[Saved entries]
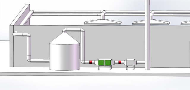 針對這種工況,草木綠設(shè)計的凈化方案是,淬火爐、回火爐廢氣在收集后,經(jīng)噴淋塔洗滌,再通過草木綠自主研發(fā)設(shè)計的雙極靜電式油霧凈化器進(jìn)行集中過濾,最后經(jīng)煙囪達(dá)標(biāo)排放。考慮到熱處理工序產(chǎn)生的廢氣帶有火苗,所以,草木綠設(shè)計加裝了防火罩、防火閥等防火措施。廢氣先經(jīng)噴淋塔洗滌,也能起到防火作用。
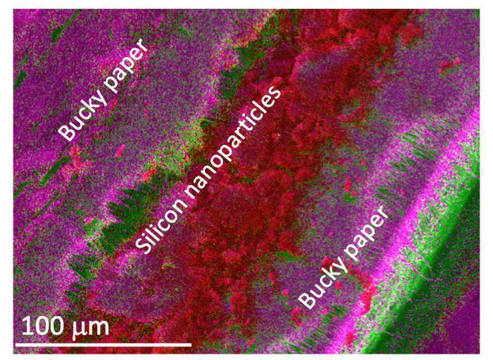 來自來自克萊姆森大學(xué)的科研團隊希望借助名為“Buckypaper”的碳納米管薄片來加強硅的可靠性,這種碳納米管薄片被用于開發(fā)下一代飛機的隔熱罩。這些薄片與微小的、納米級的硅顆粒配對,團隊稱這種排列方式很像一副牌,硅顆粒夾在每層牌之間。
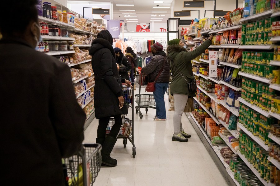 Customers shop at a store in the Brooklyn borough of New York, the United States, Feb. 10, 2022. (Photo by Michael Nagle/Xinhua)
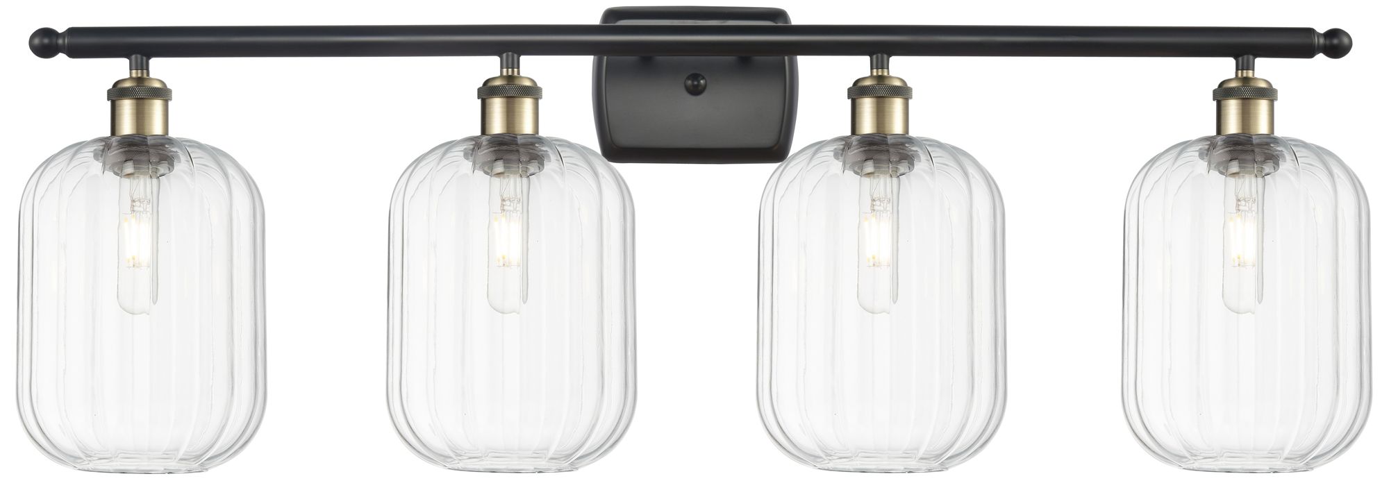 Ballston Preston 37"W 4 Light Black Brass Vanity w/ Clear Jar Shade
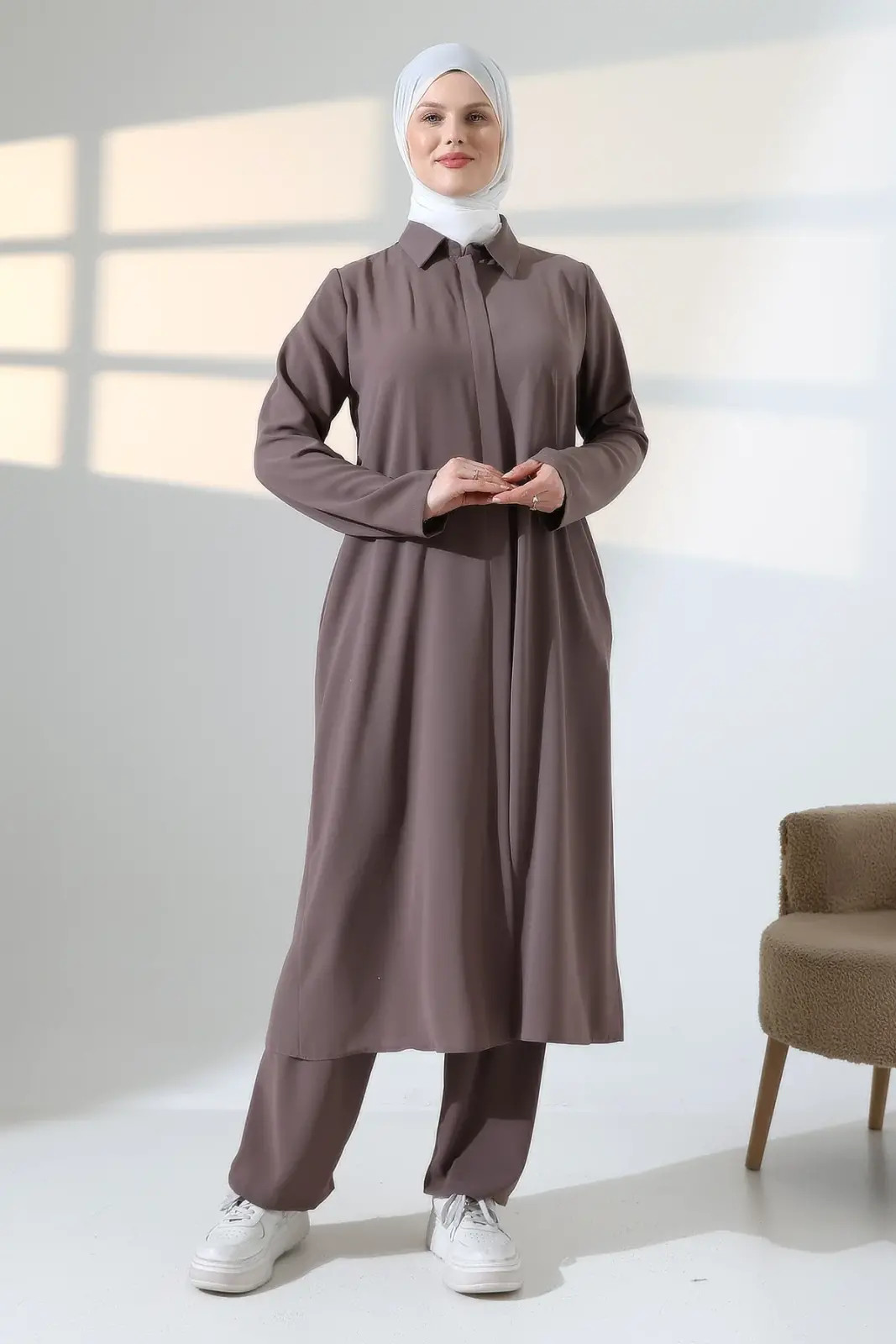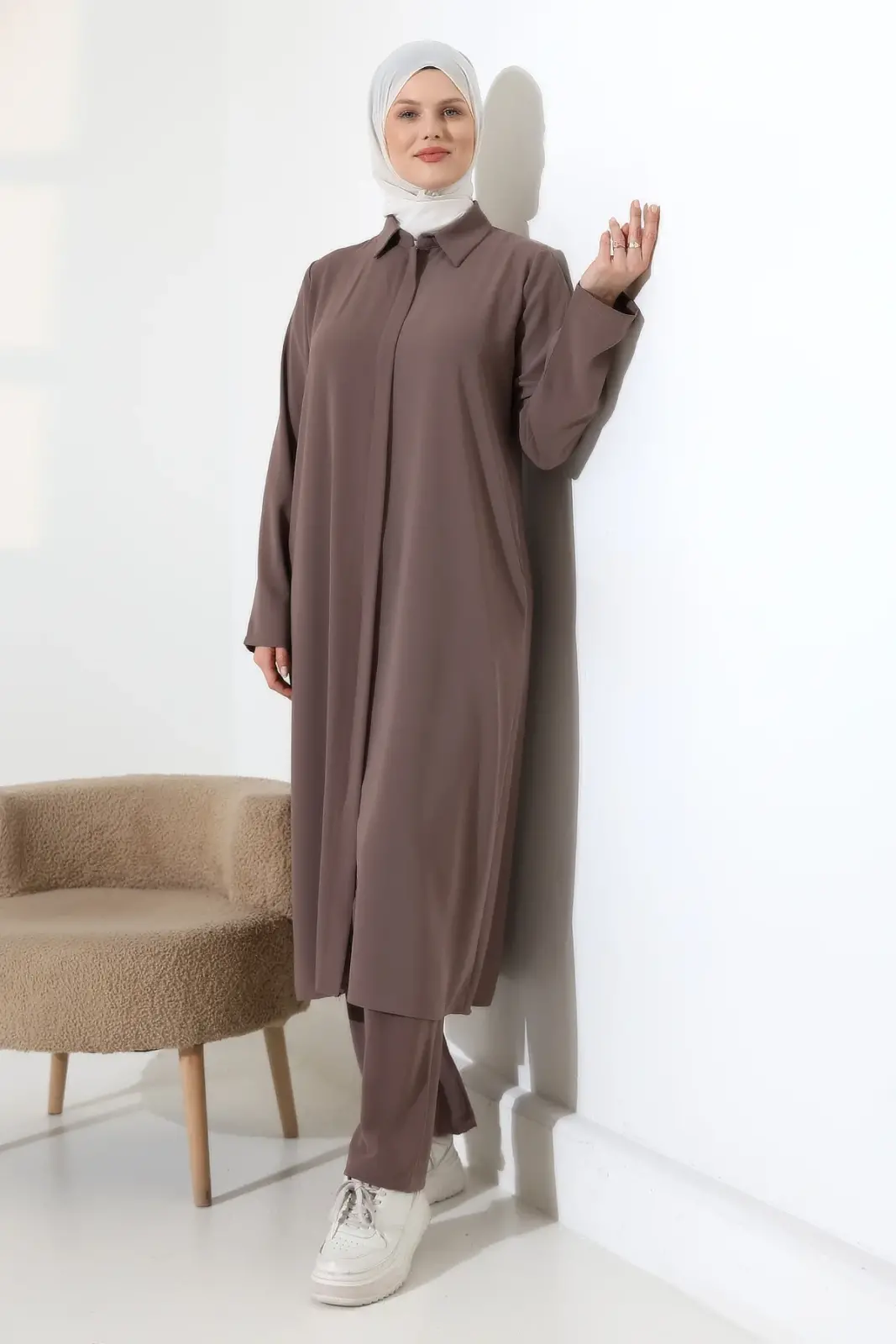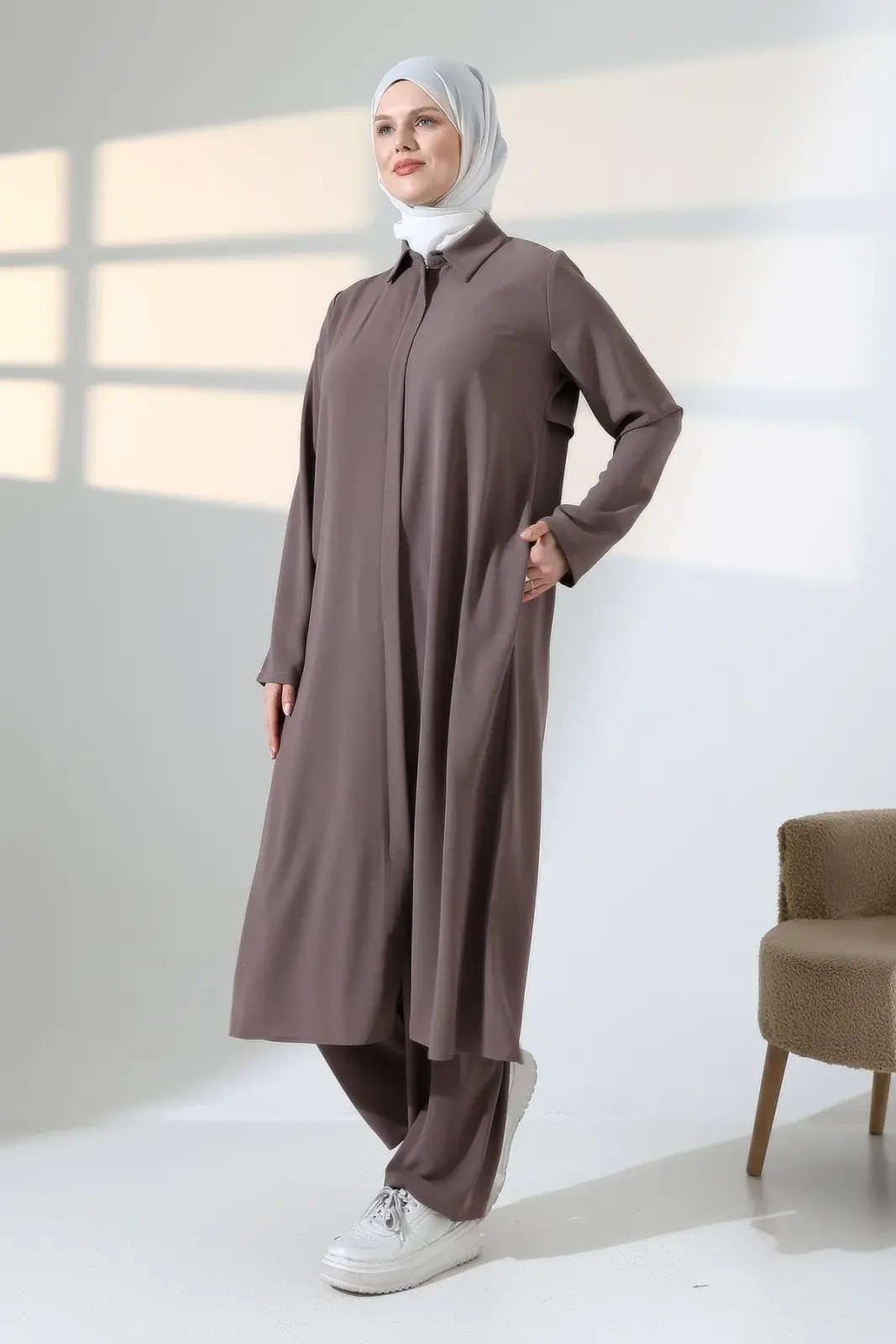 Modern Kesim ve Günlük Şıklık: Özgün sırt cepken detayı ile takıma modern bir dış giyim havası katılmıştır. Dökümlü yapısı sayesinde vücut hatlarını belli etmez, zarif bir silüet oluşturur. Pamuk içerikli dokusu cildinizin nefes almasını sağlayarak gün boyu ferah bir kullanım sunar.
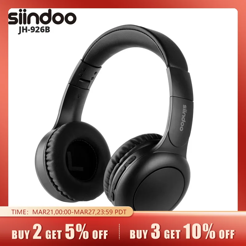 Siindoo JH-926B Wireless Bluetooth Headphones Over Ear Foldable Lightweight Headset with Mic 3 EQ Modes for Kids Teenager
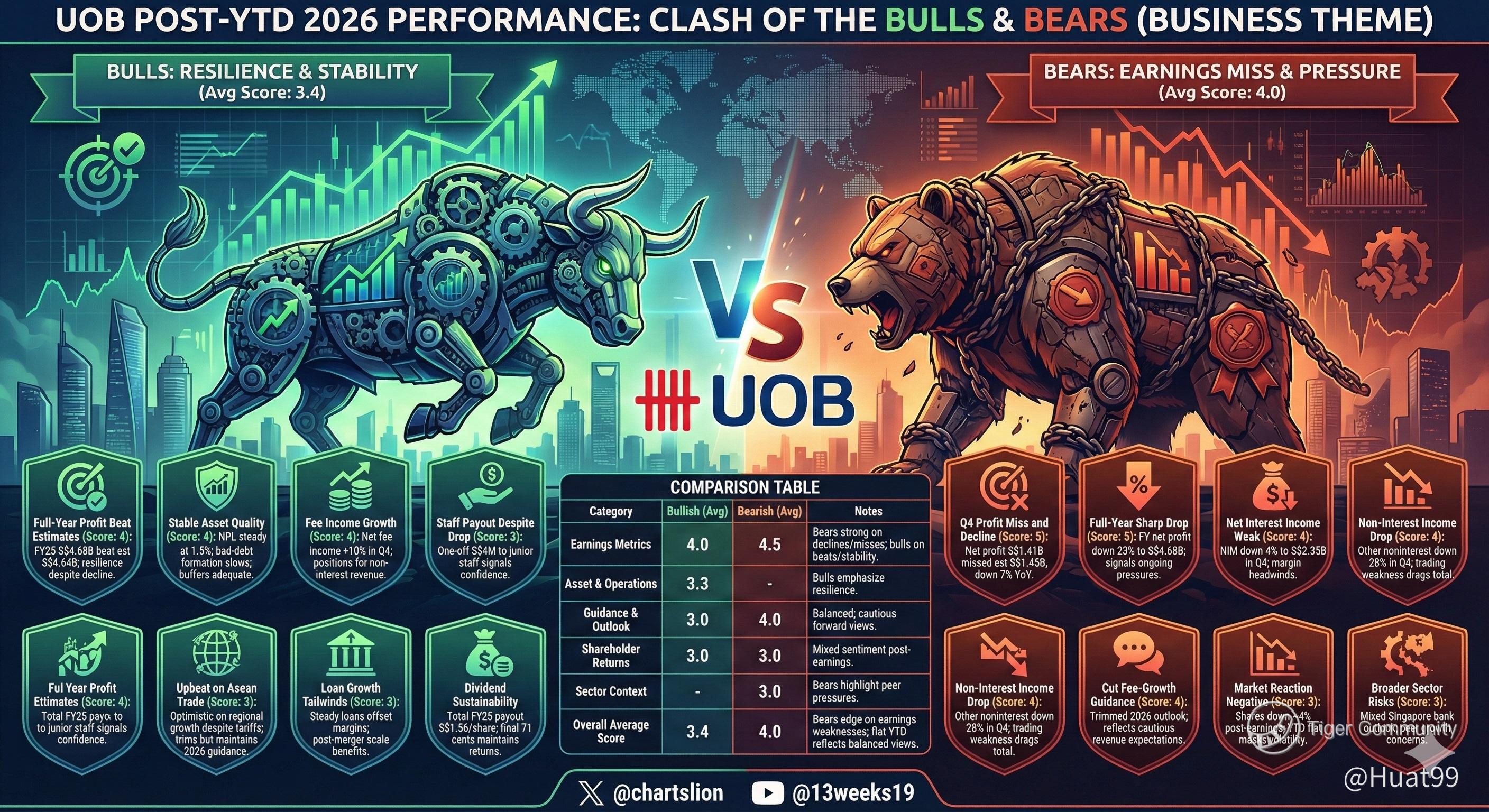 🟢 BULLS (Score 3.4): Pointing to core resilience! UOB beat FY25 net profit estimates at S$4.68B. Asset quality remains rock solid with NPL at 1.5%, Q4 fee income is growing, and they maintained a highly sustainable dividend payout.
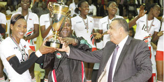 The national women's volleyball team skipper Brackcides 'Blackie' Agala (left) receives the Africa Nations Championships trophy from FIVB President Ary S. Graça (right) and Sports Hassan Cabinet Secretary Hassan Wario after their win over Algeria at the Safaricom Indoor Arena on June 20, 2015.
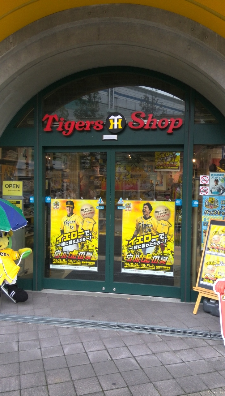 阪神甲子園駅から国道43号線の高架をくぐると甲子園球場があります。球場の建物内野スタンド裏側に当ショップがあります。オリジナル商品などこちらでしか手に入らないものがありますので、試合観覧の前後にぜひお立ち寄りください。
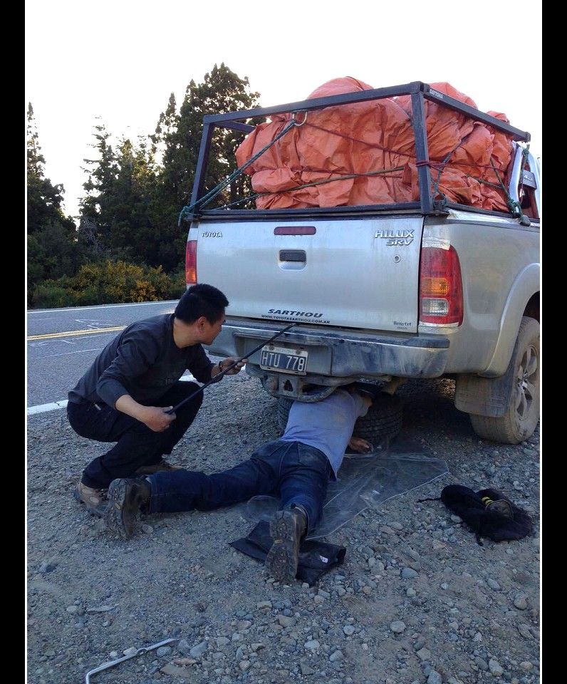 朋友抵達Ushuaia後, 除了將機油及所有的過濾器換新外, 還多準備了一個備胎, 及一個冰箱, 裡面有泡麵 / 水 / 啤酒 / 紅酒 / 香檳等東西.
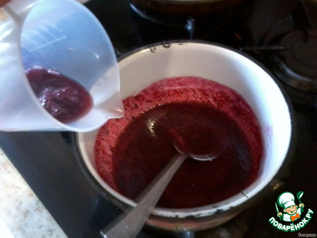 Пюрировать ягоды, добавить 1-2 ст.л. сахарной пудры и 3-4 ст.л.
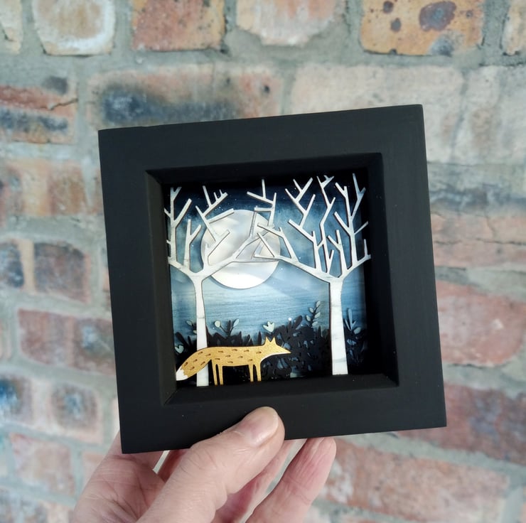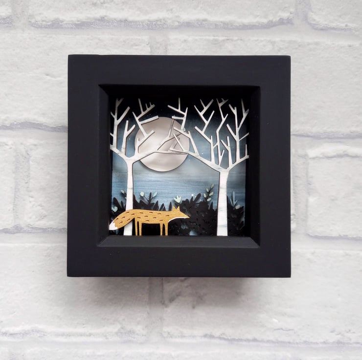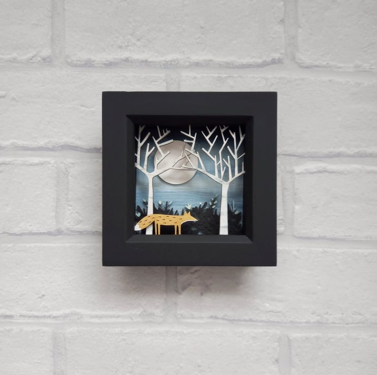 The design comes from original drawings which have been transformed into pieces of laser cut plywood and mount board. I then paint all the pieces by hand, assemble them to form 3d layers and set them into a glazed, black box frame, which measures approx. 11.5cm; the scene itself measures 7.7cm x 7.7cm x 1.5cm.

(Exercise brief): Beginning with the line that contains "Siindoo JH-926B Wireless", print exactly every line through the end of the records, both included. Omit the pictures.

(Exercise output):
 Siindoo JH-926B Wireless Bluetooth Headphones Over Ear Foldable Lightweight Headset with Mic 3 EQ Modes for Kids Teenager
 🟢 BULLS (Score 3.4): Pointing to core resilience! UOB beat FY25 net profit estimates at S$4.68B. Asset quality remains rock solid with NPL at 1.5%, Q4 fee income is growing, and they maintained a highly sustainable dividend payout.
 The national women's volleyball team skipper Brackcides 'Blackie' Agala (left) receives the Africa Nations Championships trophy from FIVB President Ary S. Graça (right) and Sports Hassan Cabinet Secretary Hassan Wario after their win over Algeria at the Safaricom Indoor Arena on June 20, 2015.
 阪神甲子園駅から国道43号線の高架をくぐると甲子園球場があります。球場の建物内野スタンド裏側に当ショップがあります。オリジナル商品などこちらでしか手に入らないものがありますので、試合観覧の前後にぜひお立ち寄りください。
 朋友抵達Ushuaia後, 除了將機油及所有的過濾器換新外, 還多準備了一個備胎, 及一個冰箱, 裡面有泡麵 / 水 / 啤酒 / 紅酒 / 香檳等東西.
 Пюрировать ягоды, добавить 1-2 ст.л. сахарной пудры и 3-4 ст.л.
 The design comes from original drawings which have been transformed into pieces of laser cut plywood and mount board. I then paint all the pieces by hand, assemble them to form 3d layers and set them into a glazed, black box frame, which measures approx. 11.5cm; the scene itself measures 7.7cm x 7.7cm x 1.5cm.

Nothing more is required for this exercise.